Links here are to the original sources, which may require a subscription or institutional access. Copies are also included in the GitHub repo.

These suggested readings are meant to provide examples of what can be done in the humanities (especially literary studies) using some of the computational techniques the class will explore. They aren’t required; you’ll be able to follow along just fine without having read them. But I hope that many participants will review them in advance and I’ll make regular reference to them as examples.

Oh, and it couldn’t hurt to have read Franco Moretti’s short book, Graphs, Maps, Trees, which remains one of the best articulations of the rationale for pursuing quantitative humanities research.

Nearly all of the code that we examine will be in Python (version 3). I don’t assume that participants are familiar with Python, nor that they know how to code in any other language. If you want a worthy introduction to programming, you might try John Guttag’s Introduction to Computation and Programming Using Python (new edition forthcoming August, 2016) and the accompanying edX course.
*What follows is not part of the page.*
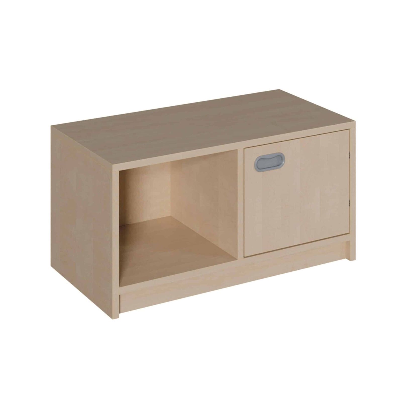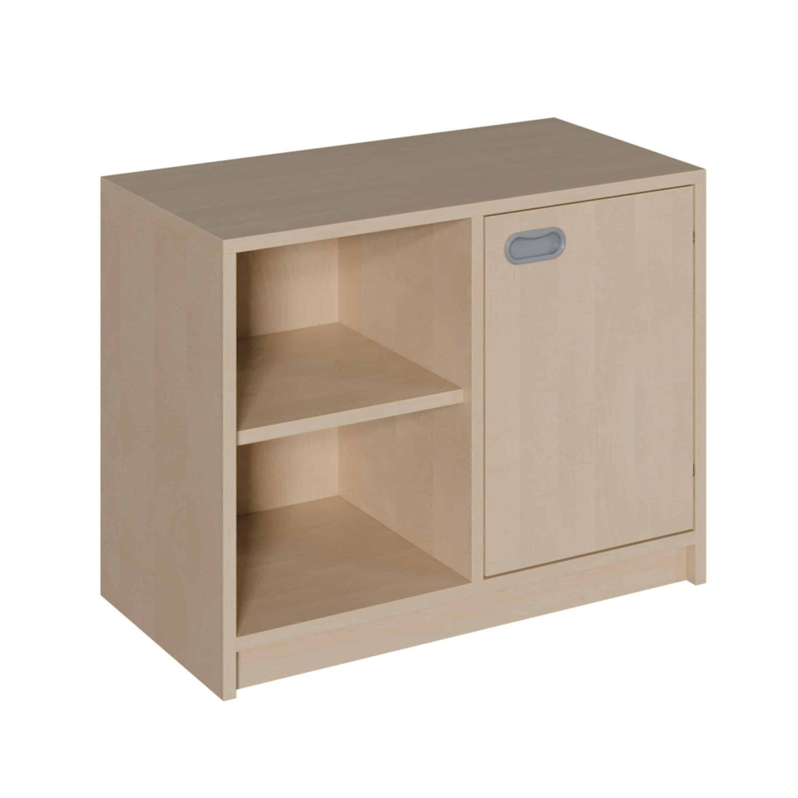 Entdecken Sie ein Möbelstück, das sich perfekt in den dynamischen Alltag von Kindern einfügt und dabei hilft, spielend leicht Ordnung zu halten. Dieses kompakte Korpus-Sideboard kombiniert auf clevere Weise ein offenes Regalfach für schnellen Zugriff mit einem geschlossenen Türfach für alles, was diskret verstaut werden soll. Dank seiner niedrigen Höhe und der robusten Bauweise ist es nicht nur ein praktisches Stauraummöbel, sondern auch eine ideale Spiel- und Arbeitsfläche für Kinder. Es schafft Struktur, fördert die Selbstständigkeit und passt sich mit seinen verschiedenen Größen und Ausführungen mühelos an jeden Raum an – von der Kita bis zum Kinderzimmer.
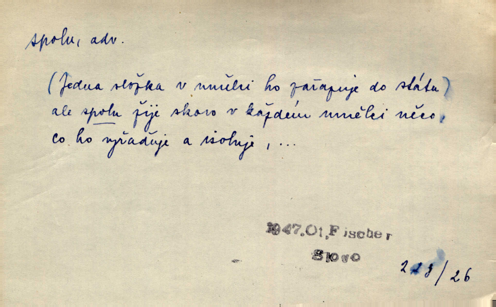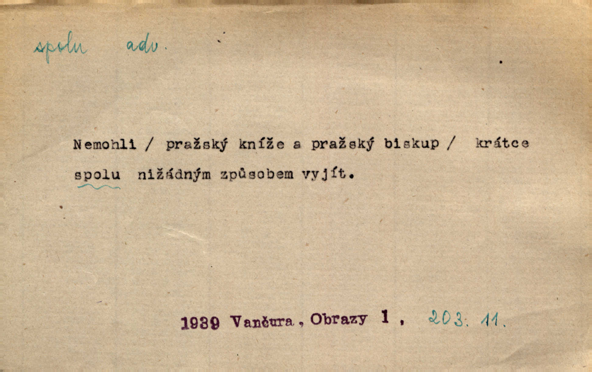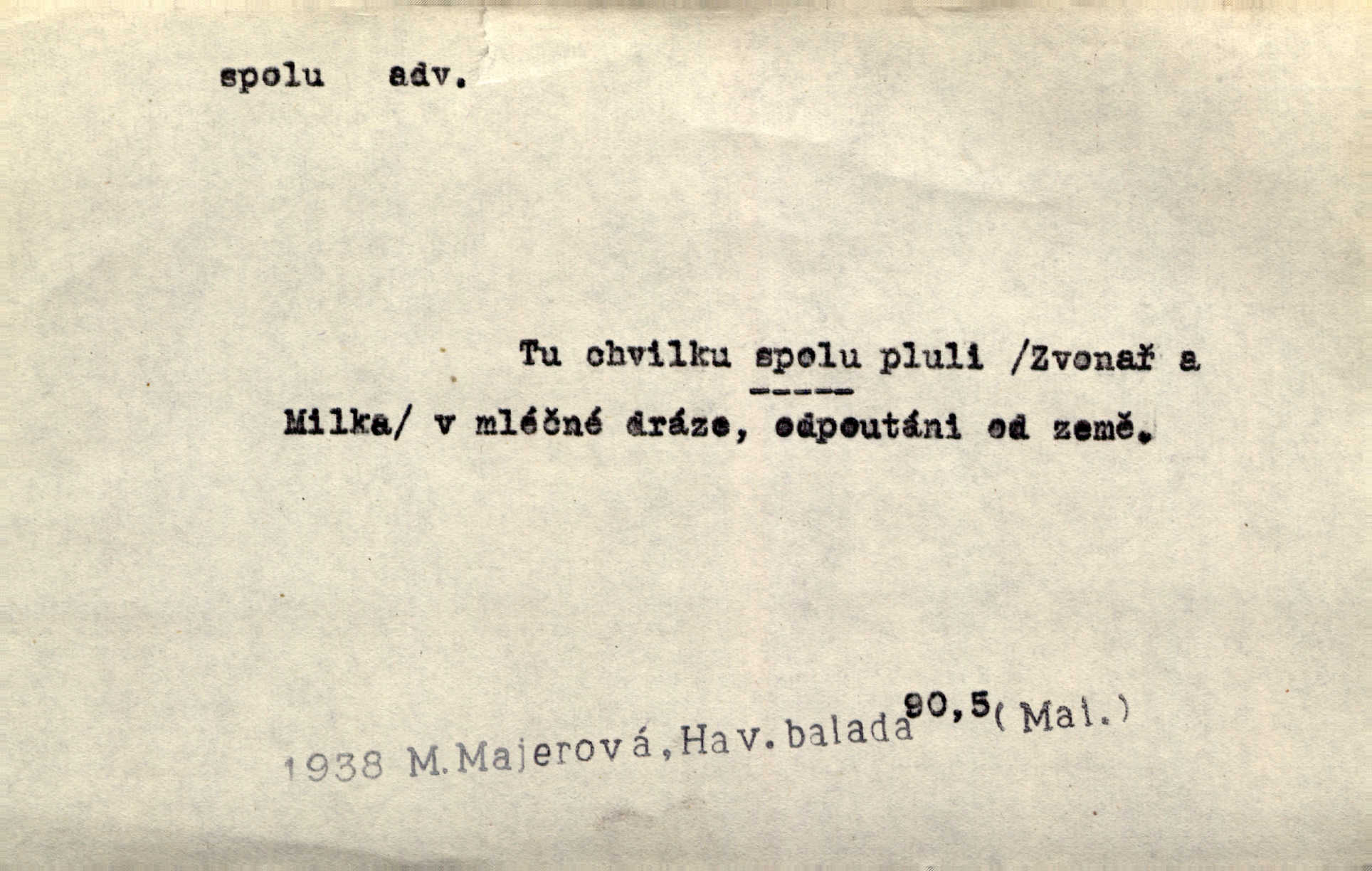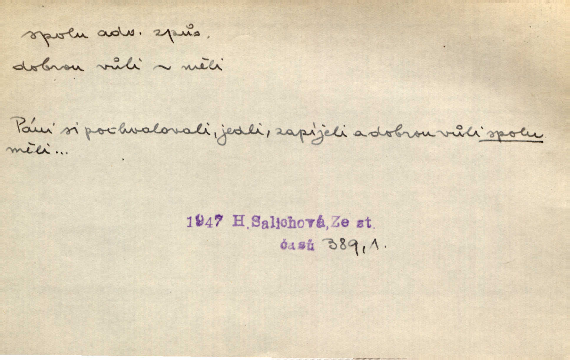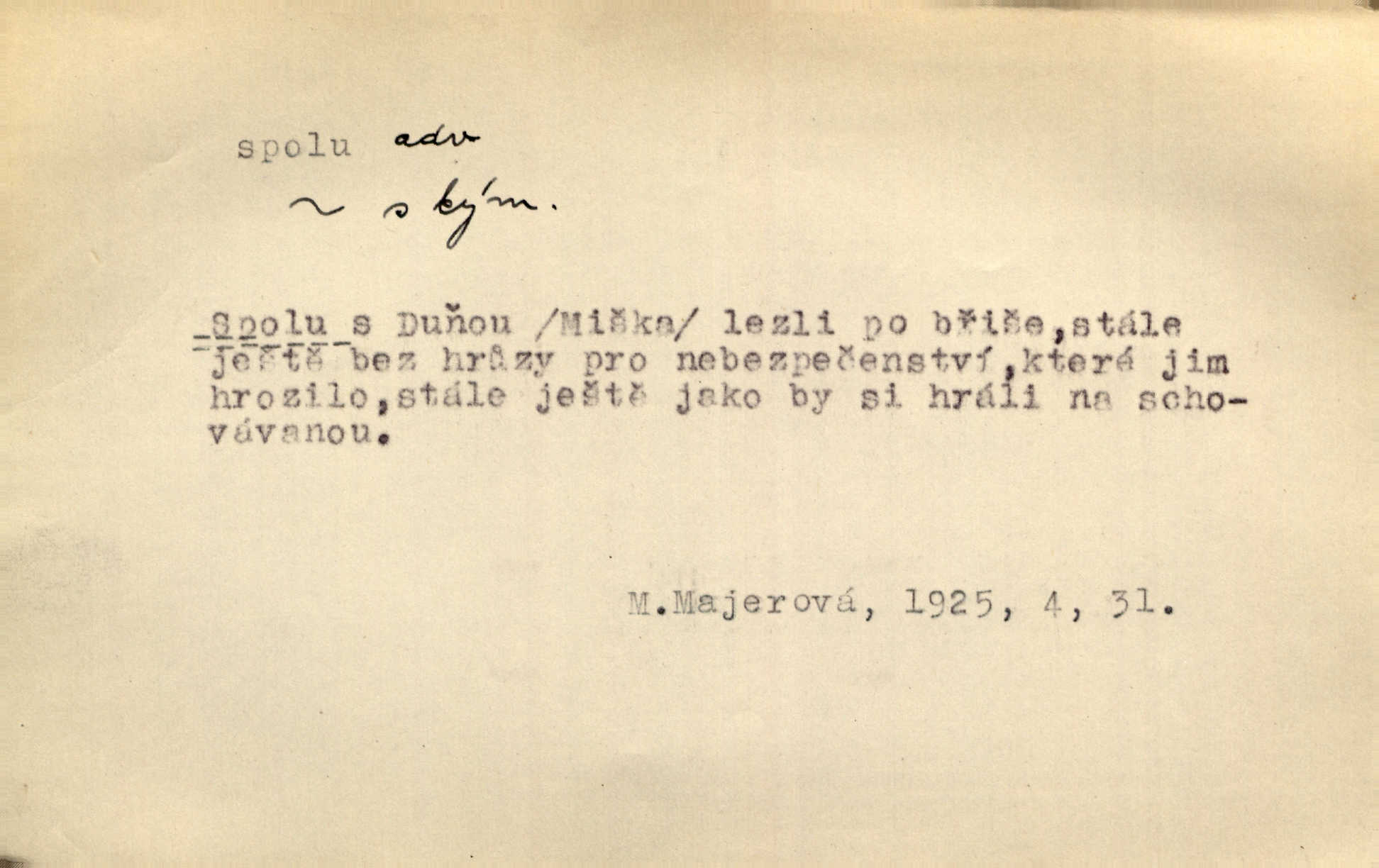 - spolu (bás. spol) adv. vyjadřuje blízkost, společnost při něčem, pohromadě, společně, zpr. o dvou. Ti dva už pili mnohou číši spolu. Ner. Tak půjdeme spolu — jestli mne vezmeš s sebou. Rais. Seděly spolu až na konci stolu. Baar. Básník i umělec vědomě pracovali spolu. Vrch. Jenom tělem budem rozloučeni, duše věčně spolu ostanou. Erb. Počkáme spolu, až starý přijde. V. Mrš. Můj Bože, jak bych stárnul rád, kdybychom stárnuli spolu [s V. Dykem]! H. Jel. Zvuk, oko, dech, jejž cítě viděl [Tomeš] spol — jaký to soulad, jaká duše jasná! Hál. D Lid. býti spolu žíti v manželství, býti manžely. To já mám tuze hodnou ženu. Patnáct let, a kdepak, víc, jsme spolu a ještě jsme se nezlobili. Jir. Půl roku jsou spolu a muž si je celý týden dvě hodiny od ní. Rais. Jsou již spolu několik neděl a ještě se takřka ani neviděli. Pfleg. D jeden s druhým, dohromady; navzájem, mezi sebou. Pojď, promluvíme spolu důvěrně! Vrch. Prostřed světnice se spolu setkali. Jir. Dvoje dvéře spojovaly bez pochyby dva oddíly hradu spolu. Choch. Podivná shoda v tvrzení těch dvou, žádného spojení spolu nemajících osob, vzbuzovala v něm přece žárlivost. Zey. Písničku „ešče jednó a jak se patří zrepetýrovali“ a dobře hlasy spolu srovnali. A. Mrš. Země šerem táhne, širým věkem plyne, měsíc hledí dolů, po staletí hledí, milují se spolu. Svob. Dvě strany se spolu o život a o smrt potýkají. Havl. Prodavač i kupec byli spolu spokojeni. Sab. Má tu rozlehlé revíry spolu souvisící, tvořící takměř jeden široširý hvozd. Jir. Jedli, pili, rozprávěli, dobrou vůli spolu měli. Čel. Mimo hudbu a šachy jsme nikdy víc spolu neměli nestýkali se. Čap. Ch. „Co pak jste zase spolu měly?“ obracela se k ní paní Žehurová oč jste se nepohodly, co jste si udělaly. Šim. D vyjadřuje přidání, připojení; zároveň s někým. Zůstal [na parníku] a jel spolu do Chuchle. Čap. Ch. Maminka se smála; zpívala pak také spolu. Šrám. Lid jásal, vítaje bojovníky, ale když se rozneslo, koho tu spolu nesou, umlkli zástupové a rozestupujíce se smekli uctivě, ana mrtvola [Marušky] kolem nesena. Jir. Vzlet [pták] do vzduchu, vzal spolu mé srdce zmámené. Vrch. D vyjadřuje souvislost, spojitost dalšího členu; rovněž, též, také, i. Zazvonil energicky na svého ceremonáře a spolu důvěrníka. Vach. Básník tento ryze národní patřil spolu veliké rodině umělců. Vrch. Ty [poeto] s tvůrčí rozkoší máš tvůrčí trýzeň spolu. Ner. Byl mladý muž a ohnivý a spolu básník. Win. Potom přistoupil k černé tabuli, vzal křídu a zpívaje kreslil spolu noty. Bouš. Mistr Hubáček a spolu starší počestného cechu krejčovského dal si i na chůzi záležeti. Třeb. Každý poctivý a spolu rozumný člověk jest liberální. Havl. Troubil na trubku a spolu také bubnoval na bubínek. Něm.

Classroom code will be available from the GitHub repo for those who want to experiment on their own. I’ll use the Anaconda Python distribution (with Python 3.5) and Jupyter notebooks (browser-based documents that allow a nice mix of code, text, and visualizations). I’ll also show some packages (including the Stanford CoreNLP toolkit and Gephi network visualization tool) that require a Java Development Kit (JDK). Again, you don’t need to install or understand any of this to benefit from the course; you can follow along as I explain things on my computer. But if you’re comfortable installing development tools, you may get something extra out of working in parallel on your own machine.

Details

Day 1, Monday, September 19

Afternoon

Welcome and overview lecture. After introductions, we’ll spend about an hour discussing the goals and methods of the masterclass, as well as the state of quantitative humanities research today. The meeting will conclude with an optional install session, during which participants can get help setting up a Python environment and other software on their own computers.

Day 2, Tuesday, September 20

Morning

Introduction to statistical thinking and computational methods. We won’t have nearly enough time to cover statistics as such, but there are important differences between the ways in which we humanists usually think about the world and the way our objects look as collections of statistically distributed instances of observable phenomena. We’ll spend some time analyzing those differences and considering their methodological consequences. We will also introduce the rudiments of computational thinking, including variables, iteration, flow control, and abstraction. We’ll end by examining simple programs that transform texts into collections of numbers, that identify functional units such as parts of speech, and that allow us to visualize a range of textual features in a small corpus.

Afternoon

Named entities, geocoding, and maps. Geospatial analysis of texts and other cultural objects has garnered much interest in recent years. We’ll examine a process by which to identify the places named in a collection of texts, pair those locations with detailed geographic information, and display the results on a map. Related discussion of geographic information systems (GIS) and statistical analysis of social change over time. Suggested reading: Wilkens.

Day 3, Wednesday, September 21

Morning

Supervised and unsupervised machine learning. We’ll cover what’s meant by the term “machine learning” and the differences between the two classes of learning tasks. Demonstrations of supervised and unsupervised approaches to labeling textual genres. Time permitting, a discussion of advanced unsupervised techniques such as word vector embedding. Suggested reading: Underwood.

Afternoon

An abbreviated session (1.5 hours) on network analysis and visualization. We’ll introduce basic network concepts and combine them with text analysis to produce a visualization of the relationships within a group of texts and to calculate measures that help us identify especially important features of that network. Suggested reading: So and Long.

Public lecture

Wednesday’s session will be followed by an evening public lecture, including a response from the excellent Prof. Jonathan Hope (Strathclyde).